Every maidservant who worked in the East Wing was in attendance that day. Dressed in pristine black and white uniforms – French maid without being too French maid – they were silent but observant, anticipating when a woman would need more tea or when either Jasmine or the exuberantly pregnant Monica would need assistance getting up. She wasn
’t incapable, mind, but these maids were trained in France, or Thailand, or something… and couldn’t function unless they were doing their job. Jasmine swore she heard both origin stories during the course of her shower.

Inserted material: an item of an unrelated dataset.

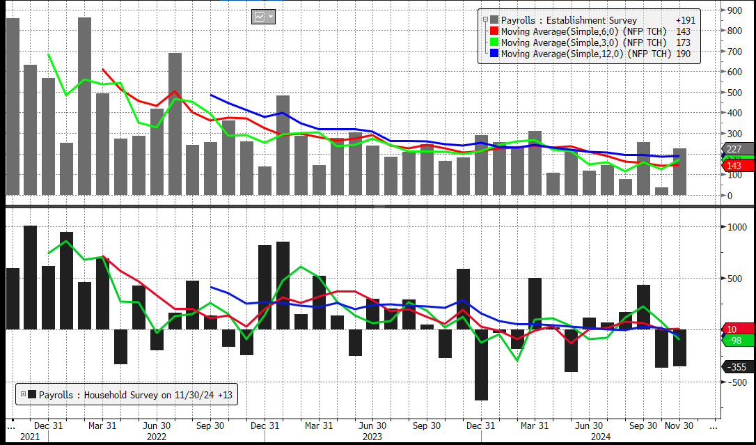 I dati sul mercato del lavoro di novembre, pubblicati venerdì scorso, in aggregato non sono stati da disprezzare, ma nemmeno rappresentativi di un mercato del lavoro USA in accelerazione particolare, e con un dato riveniente dall’indagine sulle famiglie, costantemente più debole del dato sui nuovi occupati, come visibile nel seguente grafico:
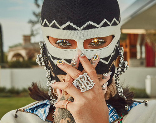 Si tratta di uno scatto realizzato in occasione del Coachella Fest 2018, che ci mostra la misteriosa protagonista in versione super accessoriata e con tanto di volto coperto.

Monica was originally going to have one of these maids record Jasmine’s gifts, but to both of their surprise, Francesca Blake stood up and offered her handwriting services. She flashed Jasmine a flowery smile as she settled in between Monica and Adrienne, holding a Moleskin notebook and pulling a five-hundred dollar fountain pen out of her purse.
Jasmine didn’t know what she would use half of these gifts for.

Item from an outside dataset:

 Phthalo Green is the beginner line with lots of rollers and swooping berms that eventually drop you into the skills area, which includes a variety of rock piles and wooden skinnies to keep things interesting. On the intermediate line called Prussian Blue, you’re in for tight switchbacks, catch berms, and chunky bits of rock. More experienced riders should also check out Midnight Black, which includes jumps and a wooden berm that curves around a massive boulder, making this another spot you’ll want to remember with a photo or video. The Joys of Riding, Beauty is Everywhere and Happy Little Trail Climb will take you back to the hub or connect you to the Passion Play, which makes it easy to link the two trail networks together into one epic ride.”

Crystal, embedded with diamonds, came from a woman she had only met in passing. The referral to one of the most elusive personal stylists in Hong Kong, of all places, came from a Cantonese woman who was there visiting – Jasmine didn’t even know she had been invited to the wedding, since “Jade Young” could have been anyone. (“A referral is worth about two-thousand dollars,” Monica muttered to Jasmine. “I met that man once. You’ll love it, if you ever go out that way.”) Francesca Blake bequeathed a golden platter she claimed to have come from the Habsburg royalty. (“Queen Elisabeth owned this herself. I know this, because my great-grandfather was one of her closest confidants and inherited this after her assassination.”) Eva gave her a large black lacquer box handcrafted in some remote mountains of Japan. (“Don’t open it here… oh, never mind.” Monica was too late. Jasmine had already seen the hand-woven shibari ropes coiled inside. She quickly closed it again, blushing.) Kathryn handed over the deed to a condo in Torino she no longer had any need for. (“It was one of my mother’s residences that she handed to me. I never go to that part of Italy. I know you and Mr. Cole will appreciate it.”) Jasmine didn’t want to know how many millions it was worth, and Kathryn had waved it in her direction as if it were a pittance.